Mouna Mahamat Oumour, 42 anos, foi das que conseguiu fugir com os três filhos, alguns vizinhos e familiares. O grupo foi atingido por um projéctil, que feriu duas pessoas e matou outras: “Quando me virei, vi a minha tia dilacerada. Cobrimos-lhe o corpo com um pano e continuámos a caminhar”. “Não conseguíamos mais chorar”, afirma. Conta também histórias de chantagem, nos vários checkpoints das RSF: “Têm telefones ligados ao [satélite] Starlink e forçam as pessoas a ligar aos seus familiares para que consigam enviar dinheiro para continuar a viagem.”

As mulheres, em particular, enfrentam mais perigos.
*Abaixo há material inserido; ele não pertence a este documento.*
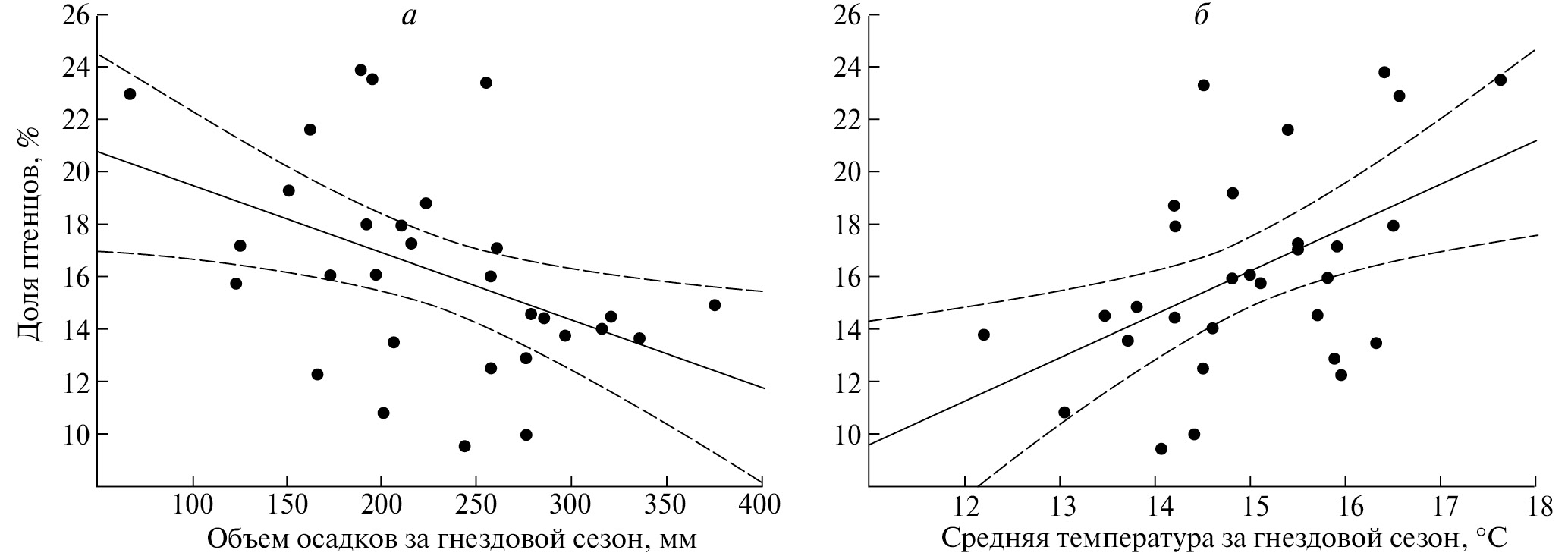 Больше всего птенцов (12.3–23.9 %, среднее±SD: 18.7 %±4.2, n = 10) было в годы с комбинацией высоких температур и небольшого количества осадков. В годы с небольшим количеством осадков и низкими температурами доля птенцов меньше (10.8–19.3 %, среднее±SD: 16.2 %±3.4, n = 6). Еще значительнее доля птенцов сокращается в годы c большим количеством осадков: как при относительно высокой температуре воздуха (12.9–17.1, среднее±SD: 14.9 %±2.1, n = 3), так и при низкой (9.5–16.0 %, среднее±SD: 13.3 %±1.9, n = 11). Самой неблагоприятной комбинацией для серых журавлей оказалось сочетание низких температур и большого количества осадков, в такие годы доля птенцов была минимальной (рис. 6б). Различие выборок подтверждается статистически (критерий Краскела–Уоллиса: H3;30 = 9.7, p < 0.02). Попарное сравнение выборок для сезонов с высоким и низким количеством осадков показало достоверную разницу между ними в результативности размножения (критерий Манна–Уитни: Z = –2.9, p < 0.003). Различия сезонов, сгруппированных по температуре, также показывает достоверную разницу между годами с высокими и низкими температурами (Z = –2.2, p < 0.028).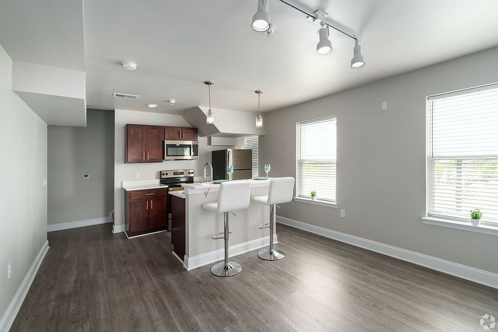 Immerse yourself in a harmonious blend of style and comfort with ZOE our modern 1 bed, 1 bath apartment. The beautiful kitchen welcomes you with a seamless flow to a stylish bar top counter, leading to a spacious living room.

A violência sexual é usada como arma de guerra “de forma deliberada e sistemática”, de acordo com a directora regional da ONU Mulheres, Anna Mutavati, citada pela Reuters. “Os corpos das mulheres tornam-se um cenário de crime no Sudão. Não há espaços seguros.”

A tudo isto junta-se a fome. Com um cerco que impediu a entrada de comida, muitos dos que saem estão em estados graves e malnutrição. O cenário é particularmente grave junto das crianças: 70% das que fugiram tinham malnutrição aguda e 30% malnutrição aguda severa, de acordo com os Médicos Sem Fronteiras. “Tínhamos tanta fome que começámos a comer ração animal”, conta uma mulher citada pela organização. “No início era de graça, mas depois tínhamos de a comprar”, recorda. Um quilo e meio chegou a custar cerca de 18 euros em Junho.